The file names can be used to determine whether or not the individual has Parkinson’s disease (P for Parkinson’s or H for Healthy). The data are already split into a training and a testing sample.

To load images into R, the {OpenImageR} package can be used. To easily manipulate data, we will also need {tidyverse}.

library(OpenImageR)
library(tidyverse)

To load an image into R, the imager::load.image() function just needs the path to the file. It returns an object of class 'cimg'.

Let us load an image from a healthy subject:

path <- "../donnees/dataset-parkinson/spiral/training/healthy/V01HE02.png"
image <- imager::load.image(path)
class(image)

## [1] "cimg"         "imager_array" "numeric"

image

## Image. Width: 256 pix Height: 256 pix Depth: 1 Colour channels: 3

A quick peek at the structure of the image shows that the object is made up of a four-dimensional array:

width
height
depth
colour (RGB components)

str(image)

##  'cimg' num [1:256, 1:256, 1, 1:3] 0.953 0.949 0.953 0.941 0.941 ...

The drawing of the healthy subject can be plotted using the plot() function:

plot(image, main = "Healthy subject")

Let us compare with a drawing from a subject with Parkinson’s disease.

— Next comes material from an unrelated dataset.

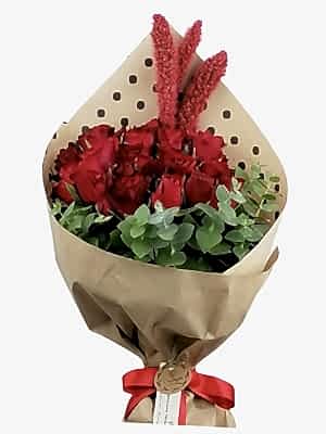 Floral Designers ekibimizin özenle konseptini hazırladığı, harika çiçeklerden bir derlemedir.Kırmızı güllerin(15adet), okaliptusle harmanlandığı kuru çiçek ile tasarlanan özel çiçek buketidir.
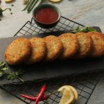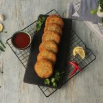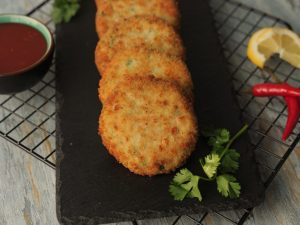 Grease hands with oil,take small quantity of mixture (approx. 50-55g) & make kababs of equal sizes then dip into whisked eggs & coat with breadcrumbs (makes 12-15).

path <- "../donnees/dataset-parkinson/spiral/training/parkinson/V03PE05.png"
image <- imager::load.image(path)
plot(image, main = "Subject with Parkinson's disease")

We will then perform a principal component analysis (PCA) on the pixel values of each image. The main components will then be used as explanatory variables (features) to train a binary classifier to detect whether the drawings come from a healthy person or a person with Parkison’s disease. But we are facing a problem at this stage. PCA is an orthogonal linear transformation, and the data consists of triplet for each pixel, indicating the red, green and blue components (RGB). A simple way to get around this problem is to convert the image to grey scale, i.e., by calculating the average of the three RGB components. This is what the imager::grayscale() function does.

image_grey <- imager::grayscale(image)

Some PNG files may include a transparency component in the fourth dimension of the array (colours). In such cases, the dimension of the vector of colours is 4 instead of 3 (Red, Green, Blue, Transparency), which is an invalid dimension for the imager::grayscale() function. Hence, in such cases, we can drop the transparency information using the imager::channel() function prior to to the greyscale transformation:

if(dim(image)[4] > 3) image <- imager::channel(image, 1:3)
dim(image_grey)

## [1] 256 256   1   1

The images in this dataset are not all exactly the same size. Most of them are squares of 256 x 256 pixels. For the few exceptions, the difference is minimal.

The imager::resize() function allows us to resize the images. The desired size for the output image is set using the two arguments size_x and size_y. The argument interpolation_type controls the type of interpolation that is used (a nearest-neighbor interpolation is used by default).

Let us look at an example, with two parrots. The size of the image is 768 x 512 pixels.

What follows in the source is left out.